The key legislative changes resulting from the Budget Act are in connection with the Income Tax Act, Chapter 123 of the Laws of Malta (‘ITA’), the Income Tax Management Act, Chapter 372 of the Laws of Malta (‘ITMA’), the Social Security Act, Chapter 318 of the Laws of Malta (‘SSA’), the Excise Duty Act, Chapter 382 of the Laws of Malta (‘EDA’), the Value Added Tax Act, Chapter 406 of the Laws of Malta (‘VATA’) and the Eco-Contribution Act, Chapter 473 of the Laws of Malta (‘ECA’).

Amendments to the ITA

Addition of special limited partnership funds to the definition of “company” for Malta income tax purposes

A new paragraph (4) has been added to the definition of the term “company” in article 2(1) of the ITA, stipulating that any Special Limited Partnership Fund established in accordance with the Investment Services Act (Special Limited Partnerships Funds) Regulation, Subsidiary Legislation 370.53 shall be considered as a company in terms of the ITA where such partnership has elected to be treated as a company in terms of Article 27(6) of the ITMA and for as long as such election remains in form.
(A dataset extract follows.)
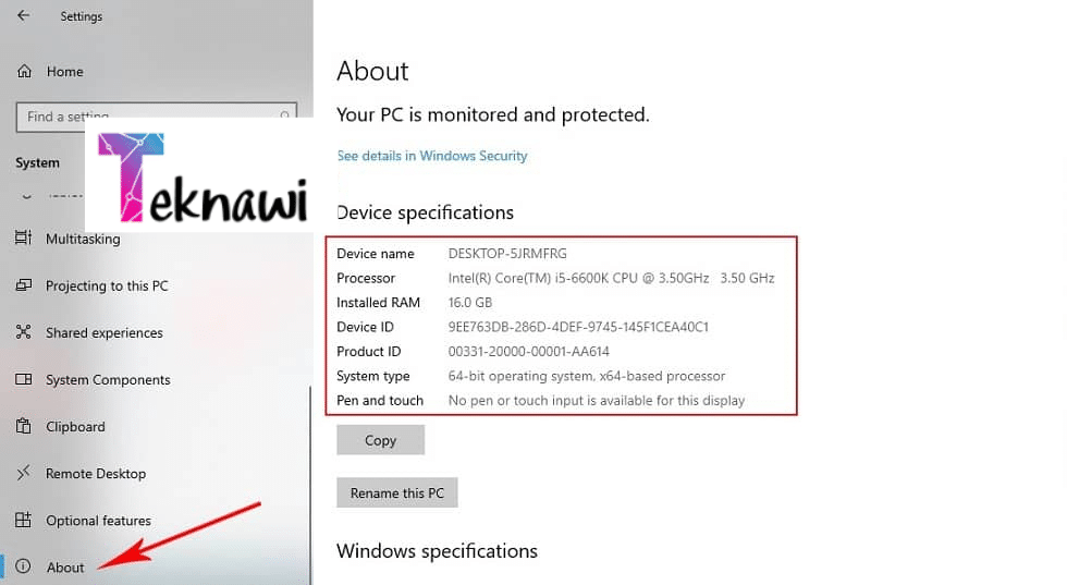 - انقر على “حول” (About): ستجد هذا الخيار في القائمة الجانبية، وسيعرض لك معلومات أساسية عن الجهاز مثل المعالج، الذاكرة، نوع النظام، وإصدار نظام التشغيل.

This amendment shall be applicable from the year of assessment 2026 and clarifies that, whereas special limited partnership funds shall generally be treated as partnerships for Malta income tax purposes, such funds are also afforded the option to elect into being classified as companies in terms of the ITA (as in the case of partnerships en nom collectif and partnerships en commandite).

Established by means of the Investment Services Act (Special Limited Partnerships Funds) Regulation, Subsidiary Legislation 370.53 published on 7 February 2025, special limited partnership funds are collective investment schemes formed by means of a partnership agreement and consist of two or more partners where at least one partner shall be a general partner and at least one partner shall be a limited partner. Crucially, such partnerships are not afforded separate legal personality and the partnership deed strictly limits their object to the collective investment of partners’ funds in securities and other movable or immovable property, and related ancillary matters.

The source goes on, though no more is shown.